# Acceptable behavior in older dog interacting with a puppy?



## Montana

What is acceptable for dogs interacting with puppies? Montana plays great with other dogs, and even older puppies, but I took her over to a friends house where he was dogsitting a very young puppy (not sure how old).
Montana didn't like the thing one bit. Didn't even give him the time of day, basically just tried to ignore him. Puppy was trying to play, Montana started off with growling, then growling and snarling, then eventually snapped and nipped the puppy, where I then put her in a time out. It escalated pretty quickly... Biting a puppy is not okay in my eyes. The puppy WAS being quite harassing to her, but what would you have done? Where would you cross the line? Was she just trying to teach the puppy some boundaries, or just being a... for lack of a better word, a jerk?


----------



## Tobi

Well... ask your grandma how she'd like it if you bounced all over her! :lol:
can't remember how old Montana is...but seriously i think she was probably just saying woah, relax i don't like you gtfo! If you're worried about her around younger dogs just keep introducing them but maybe keep it short and controlled have the pup on a lead so that way it can't just romp all over Montana


----------



## MollyWoppy

Bet cha that when Montana snapped at the pup, she didn't draw blood or anything, right? 
I'd relax because I've been through this a couple of times, my older dog with a young puppy and it sounds so much worse than it really is. 
With the first pup, my dog taught me to simply trust her. The 2nd pup, a 3lb poodle puppy and nervous owners against my 40lber, I tell you, I put a hell of a lot of faith in my dog.

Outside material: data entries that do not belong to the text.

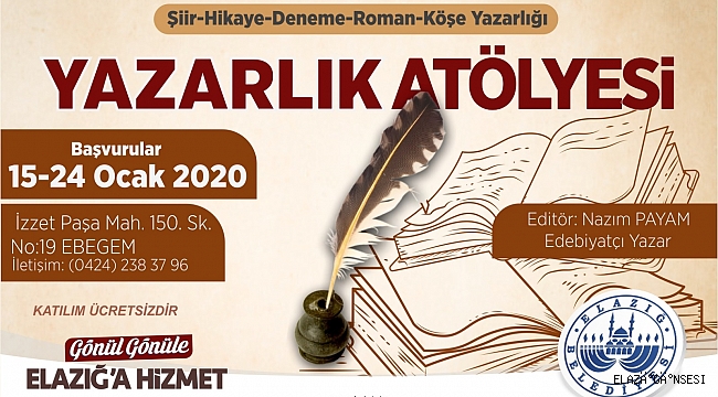 Elazığ Belediyesi tarafından yazınsal yeteneklerini geliştirmek isteyenlere yönelik EBEGEM bünyesinde açılacak Yazarlık Atölyesi için başvuru süresi 24 Ocak Cuma günü sona eriyor.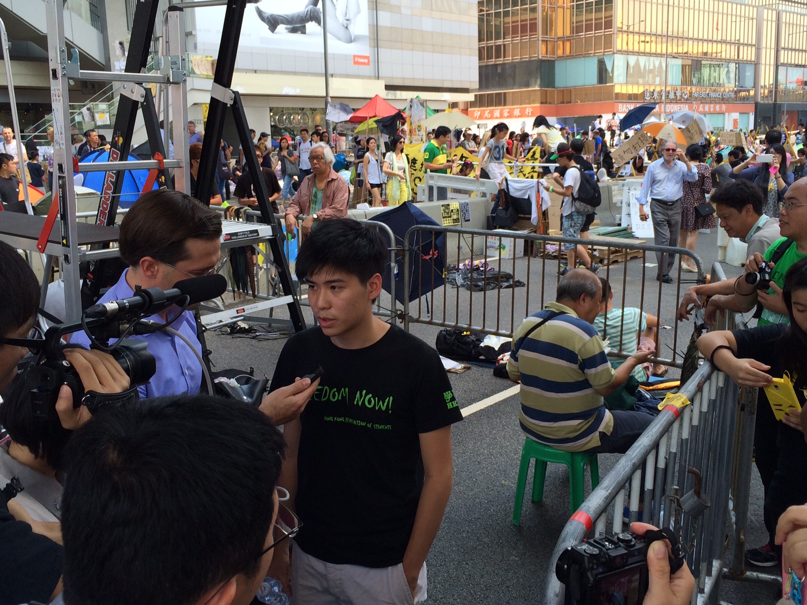 Lester Shum, deputy secretary-general of the Hong Kong Federation of Students, visits Admiralty on Sunday
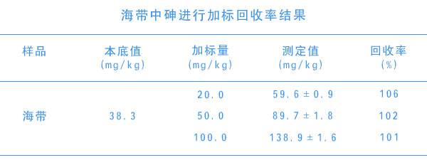 采用加標回收和標準物質(zhì)考察方法的準確性。對海帶樣品進行加標回收試驗,分別加入低、中、高濃度的砷標準溶液,樣品經(jīng)前處理后測定,兩種藻類中砷的加標回收率范圍為96%一109%,結(jié)果下列表。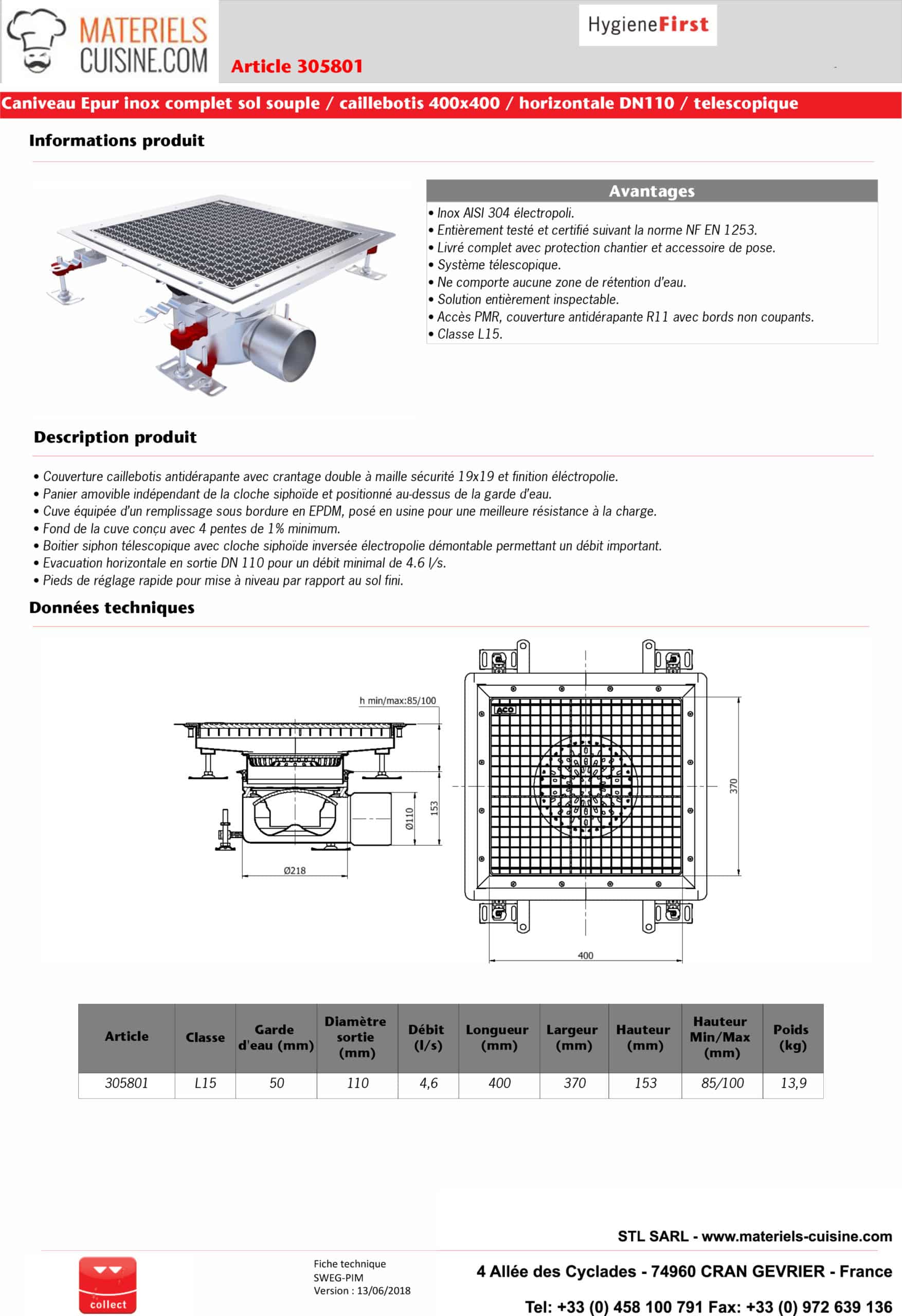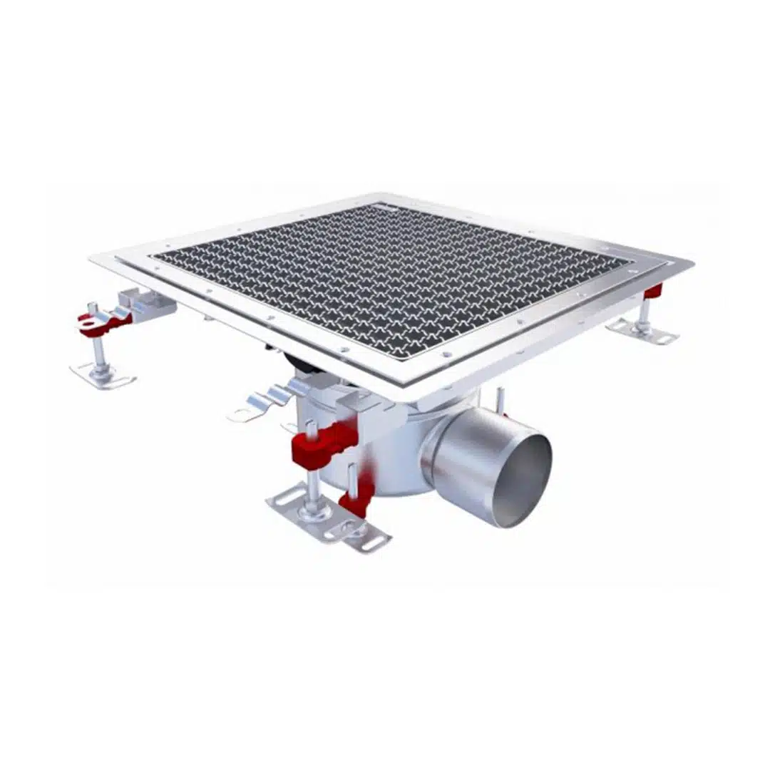 Caniveau Epur inox complet sol souple caillebotis 400×400 horizontale DN110 telescopique

She would tell the pup off, sounded like she was killing it, she would grab the pup or snap at her, but would never bite down,. Just told the pup in dog language that it had over stepped it's boundaries, and, believe you me, that pup understood and respected her for it. Until the next time. 
I'd just let them sort it out, I know its hard, but there is another language going on down there, under our knees. 
I think too, if you take away the older dogs natural means of telling the pup they are pushing their limits, eventually the older dog will have no other option than to really lay into the pup. Then you'd have a problem.


----------



## SpooOwner

Not sure if this applies in your case, but dogs are hardwired to stay away from young puppies. Dams are very protective of their puppies, so dogs are wired to ignore puppies and thus avoid the dam's wrath. Sounds like puppy wasn't playing by the rules.


----------



## Mollygirl

She didn't know this dog and she didn't want to play. She was putting the puppy in her place, telling her no. I know Molly likes to play with the 2 puppies when she wants to and they really leave her alone and play with each other, when she feels like playing she jumps in and she plays so gentle with those 2 little girls. I have heard her a few times telling them to leave her alone.


----------



## SerenityFL

I'm gonna go with what was said earlier about your dog and the snapping...did she draw blood? Did she actually bite? Dogs don't miss. A nip is not a bite...it's a warning, "leave me alone".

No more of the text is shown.